The college of commissioners has a collective talent; compare them, to say a board of an international company and, to put it bluntly, whatever other merits they may have, there is if nothing else a superior distribution of expertise in relatively obscure languages; a democratic spread, all bases covered. Bar one: Arabic, a language spoken by more Europeans than the populations of seven of the ten new member states.
In post-enlargement Europe, there is therefore a glaring gap of representation and
understanding here. The Estonians (1.5m), Maltese (0.4m) and Slovenians (2.3M) - or, to take a larger example, Finland (5m) all have their spokesmen at the top table in touch with domestic opinion and insinuate their particular national perspective:
They explain why the Maltese want a reference to God in the constitution; why the Swedes have an aversion to alcohol and a fondness for the oral, flavoured tobacco that isn't-quite-snuff.
And so on.
The 6m European Arabic-speakers - whose satellite channels ironically provide the only continent-spanning common media space- do not.
Big issue, a taboo issue.
And of course bound up with the Muslims in Europe question. (There are 18m, more numerous than the Dutch.)
The issue goes beyond that of democratic representation to pragmatism, since many of the problems Europe faces today require understanding of the Arab world, within Europe as well as beyond.

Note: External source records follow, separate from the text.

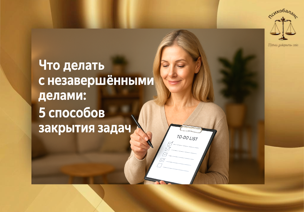 Иногда дело в том, что внутри уже нет энергии на "надо". А вот чувство вины есть. И оно тоже эту энергию продолжает потреблять. Как компьютер, который мы забыли выключить. Вроде и не мешает, но создаёт дискомфорт. Итак, 5 способов, которые помогают мне и людям, с которыми я работаю, как психолог, разорвать этот замкнутый круг. Возможно, мы не доделали что-то, потому что задачу стоит упростить. Завершить её в том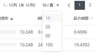 - 若要變更每頁的查詢數量,請按一下「X / 頁」並從清單選取值。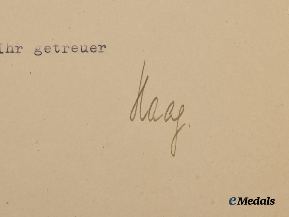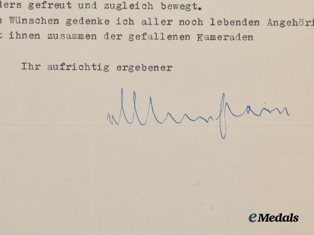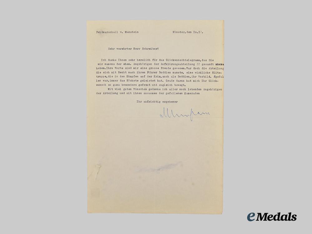5. A post-war typewritten letter to Schreiber from Feldmarschall Erich von Manstein, issued from Münster and date 10 December in an unspecified year, expressing gratitude to Schreiber for an unspecified telegram which he submitted to von Manstein on behalf of the surviving members of Aufklärungs-Abteilung 22, with the Feldmarschall going on to express his admiration of the unit and extending his best wishes for both living and fallen comrades, closing with von Manstein’s handwritten signature in blue ink, measuring 20.5 cm (w) x 29.5 cm (h), demonstrating some creasing and discolouration, in better than very fine condition.
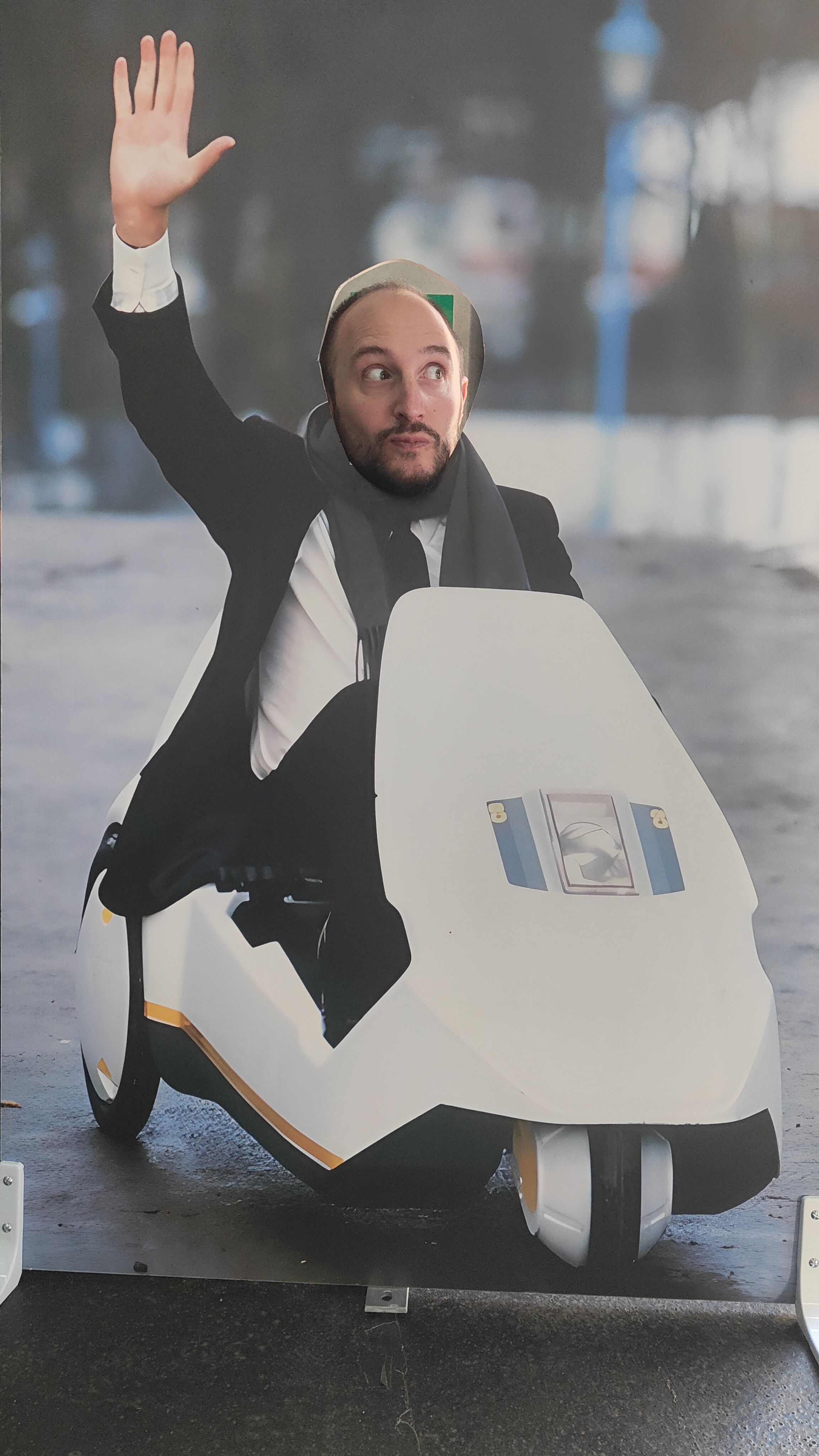 Después de pasear el véhiculo eléctrico Sinclair C5 por RetroMañía, hicimos el viaje con él hasta esta edición de RetroEuskal. El Sinclair C5 fue un producto que fue creado hace 40 años pero que no obtuvo el éxito deseado. ¡Quién sabe qué hubiera pasado si se hubiera creado en la actualidad! Para ello, se instaló este photocall para que la gente pudiera por la cara revivir el momento como si el Sinclair C5 existiera aún hoy.

The truth is, the EU is still living in the past, because of the impact of the enlargement countries and their obsession with history. .At some point you’ve got to stop hearing the words “Yalta” and “Munich” emerging from the European parliament’s east European members and engage with the 21st century.
It’s also excessive to have yet another tranche of east European commissioners.
Here is why.
Tens of thousands of Africans have crossed into the Canary islands this
year, twice as many as last year, and hundreds more have died
trying.
Obviously better relations with Morocco and Algeria are a priority. A meeting this summer in
Barcelona was regarded a success, but the question is whether the planned
razor wire and sea patrols would work; the proposed development aid to Africans to
encourage them to stay at home is far less than the remittances they send back; so the Africans will keep on coming.
More and better dialogue is required with the Maghreb countries.
A second issue. The "sharpest end" of the immigration problem is the growth in numbers and violence of young Muslims in Europe's big cities. I know this might be a difficult thing to ask of the people ensconced in the EU institutions, but if you leave this psychologically hermetic world and move in the real Brussels environment, you will realise there is a lot fear and anger towards young North Africans, not all of it unjustified.
What about having a commissioner in touch with North Africans’ urban problems in the cities of the EU?
A third issue: freedom of speech. The EU was at sea when faced with the challenge to freedom of speech posed by the hostility towards the Mohammed cartoons. The commission could so with someone who speaks Arabic, knows what the satellite channels are saying and has read the Koran.
It is probably too late to deprive the Bulgarians and Romanians of their commissioner, but why not set up an extra post? Twenty-eight is not so different from 27. An Arabic speaking commissioner with the portfolio of relations with the Maghreb, urban lack of integration and with a joint communications-media responsibility, along with Margot Wallstrom, with a special remit for the Arab world? One possible candidate: Dalil Boubakeur, president of the French council of Muslims. . It could be that he is too French, but there must be others of his ilk, elsewhere.